## WHAT YOU WILL DO
The records that follow must be repeated verbatim, every one of them.

## INFORMATION

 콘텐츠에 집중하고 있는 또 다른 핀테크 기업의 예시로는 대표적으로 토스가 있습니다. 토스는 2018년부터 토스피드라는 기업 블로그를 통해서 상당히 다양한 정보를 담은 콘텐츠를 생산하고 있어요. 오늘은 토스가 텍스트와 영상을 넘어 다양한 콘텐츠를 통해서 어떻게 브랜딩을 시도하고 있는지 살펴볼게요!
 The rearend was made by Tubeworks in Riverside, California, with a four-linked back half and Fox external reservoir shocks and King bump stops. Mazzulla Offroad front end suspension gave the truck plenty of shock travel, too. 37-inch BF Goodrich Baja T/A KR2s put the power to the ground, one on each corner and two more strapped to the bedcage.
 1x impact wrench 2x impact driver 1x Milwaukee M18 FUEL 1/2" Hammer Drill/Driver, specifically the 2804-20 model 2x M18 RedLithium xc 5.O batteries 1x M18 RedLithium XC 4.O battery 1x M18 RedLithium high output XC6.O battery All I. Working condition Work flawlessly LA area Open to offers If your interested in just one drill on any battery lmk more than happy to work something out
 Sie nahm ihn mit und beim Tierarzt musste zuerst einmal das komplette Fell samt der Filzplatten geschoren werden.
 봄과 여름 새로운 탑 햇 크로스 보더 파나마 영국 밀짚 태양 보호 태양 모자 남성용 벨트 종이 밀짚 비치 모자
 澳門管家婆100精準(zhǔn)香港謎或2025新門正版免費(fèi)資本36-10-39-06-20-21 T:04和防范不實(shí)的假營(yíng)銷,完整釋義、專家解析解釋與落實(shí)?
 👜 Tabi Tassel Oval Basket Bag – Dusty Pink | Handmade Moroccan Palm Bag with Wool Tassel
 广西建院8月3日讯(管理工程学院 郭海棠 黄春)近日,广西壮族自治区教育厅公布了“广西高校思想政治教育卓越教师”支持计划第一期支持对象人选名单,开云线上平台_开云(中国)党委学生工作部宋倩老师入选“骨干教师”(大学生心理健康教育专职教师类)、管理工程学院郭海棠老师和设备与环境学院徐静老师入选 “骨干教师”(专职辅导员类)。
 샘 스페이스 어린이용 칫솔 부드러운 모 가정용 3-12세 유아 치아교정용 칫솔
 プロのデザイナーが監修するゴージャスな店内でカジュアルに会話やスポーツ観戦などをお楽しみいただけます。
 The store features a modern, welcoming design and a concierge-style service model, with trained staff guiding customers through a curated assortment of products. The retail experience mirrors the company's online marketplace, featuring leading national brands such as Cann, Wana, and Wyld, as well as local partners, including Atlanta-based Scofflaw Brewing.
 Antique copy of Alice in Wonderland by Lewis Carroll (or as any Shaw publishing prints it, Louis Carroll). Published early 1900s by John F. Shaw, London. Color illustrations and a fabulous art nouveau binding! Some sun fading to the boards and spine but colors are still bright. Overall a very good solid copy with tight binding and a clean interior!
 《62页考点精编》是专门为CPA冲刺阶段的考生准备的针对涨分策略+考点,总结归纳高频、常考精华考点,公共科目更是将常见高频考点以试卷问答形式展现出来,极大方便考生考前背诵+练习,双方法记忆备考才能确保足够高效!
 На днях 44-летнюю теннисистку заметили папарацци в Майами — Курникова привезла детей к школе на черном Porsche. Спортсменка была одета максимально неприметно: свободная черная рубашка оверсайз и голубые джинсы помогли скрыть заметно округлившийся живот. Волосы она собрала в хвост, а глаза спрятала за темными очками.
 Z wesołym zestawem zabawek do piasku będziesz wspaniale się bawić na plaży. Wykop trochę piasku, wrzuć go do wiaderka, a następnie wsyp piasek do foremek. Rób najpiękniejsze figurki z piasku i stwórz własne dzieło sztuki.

## OUTPUT OF THE EXERCISE
 콘텐츠에 집중하고 있는 또 다른 핀테크 기업의 예시로는 대표적으로 토스가 있습니다. 토스는 2018년부터 토스피드라는 기업 블로그를 통해서 상당히 다양한 정보를 담은 콘텐츠를 생산하고 있어요. 오늘은 토스가 텍스트와 영상을 넘어 다양한 콘텐츠를 통해서 어떻게 브랜딩을 시도하고 있는지 살펴볼게요!
 The rearend was made by Tubeworks in Riverside, California, with a four-linked back half and Fox external reservoir shocks and King bump stops. Mazzulla Offroad front end suspension gave the truck plenty of shock travel, too. 37-inch BF Goodrich Baja T/A KR2s put the power to the ground, one on each corner and two more strapped to the bedcage.
 1x impact wrench 2x impact driver 1x Milwaukee M18 FUEL 1/2" Hammer Drill/Driver, specifically the 2804-20 model 2x M18 RedLithium xc 5.O batteries 1x M18 RedLithium XC 4.O battery 1x M18 RedLithium high output XC6.O battery All I. Working condition Work flawlessly LA area Open to offers If your interested in just one drill on any battery lmk more than happy to work something out
 Sie nahm ihn mit und beim Tierarzt musste zuerst einmal das komplette Fell samt der Filzplatten geschoren werden.
 봄과 여름 새로운 탑 햇 크로스 보더 파나마 영국 밀짚 태양 보호 태양 모자 남성용 벨트 종이 밀짚 비치 모자
 澳門管家婆100精準(zhǔn)香港謎或2025新門正版免費(fèi)資本36-10-39-06-20-21 T:04和防范不實(shí)的假營(yíng)銷,完整釋義、專家解析解釋與落實(shí)?
 👜 Tabi Tassel Oval Basket Bag – Dusty Pink | Handmade Moroccan Palm Bag with Wool Tassel
 广西建院8月3日讯(管理工程学院 郭海棠 黄春)近日,广西壮族自治区教育厅公布了“广西高校思想政治教育卓越教师”支持计划第一期支持对象人选名单,开云线上平台_开云(中国)党委学生工作部宋倩老师入选“骨干教师”(大学生心理健康教育专职教师类)、管理工程学院郭海棠老师和设备与环境学院徐静老师入选 “骨干教师”(专职辅导员类)。
 샘 스페이스 어린이용 칫솔 부드러운 모 가정용 3-12세 유아 치아교정용 칫솔
 プロのデザイナーが監修するゴージャスな店内でカジュアルに会話やスポーツ観戦などをお楽しみいただけます。
 The store features a modern, welcoming design and a concierge-style service model, with trained staff guiding customers through a curated assortment of products. The retail experience mirrors the company's online marketplace, featuring leading national brands such as Cann, Wana, and Wyld, as well as local partners, including Atlanta-based Scofflaw Brewing.
 Antique copy of Alice in Wonderland by Lewis Carroll (or as any Shaw publishing prints it, Louis Carroll). Published early 1900s by John F. Shaw, London. Color illustrations and a fabulous art nouveau binding! Some sun fading to the boards and spine but colors are still bright. Overall a very good solid copy with tight binding and a clean interior!
 《62页考点精编》是专门为CPA冲刺阶段的考生准备的针对涨分策略+考点,总结归纳高频、常考精华考点,公共科目更是将常见高频考点以试卷问答形式展现出来,极大方便考生考前背诵+练习,双方法记忆备考才能确保足够高效!
 На днях 44-летнюю теннисистку заметили папарацци в Майами — Курникова привезла детей к школе на черном Porsche. Спортсменка была одета максимально неприметно: свободная черная рубашка оверсайз и голубые джинсы помогли скрыть заметно округлившийся живот. Волосы она собрала в хвост, а глаза спрятала за темными очками.
 Z wesołym zestawem zabawek do piasku będziesz wspaniale się bawić na plaży. Wykop trochę piasku, wrzuć go do wiaderka, a następnie wsyp piasek do foremek. Rób najpiękniejsze figurki z piasku i stwórz własne dzieło sztuki.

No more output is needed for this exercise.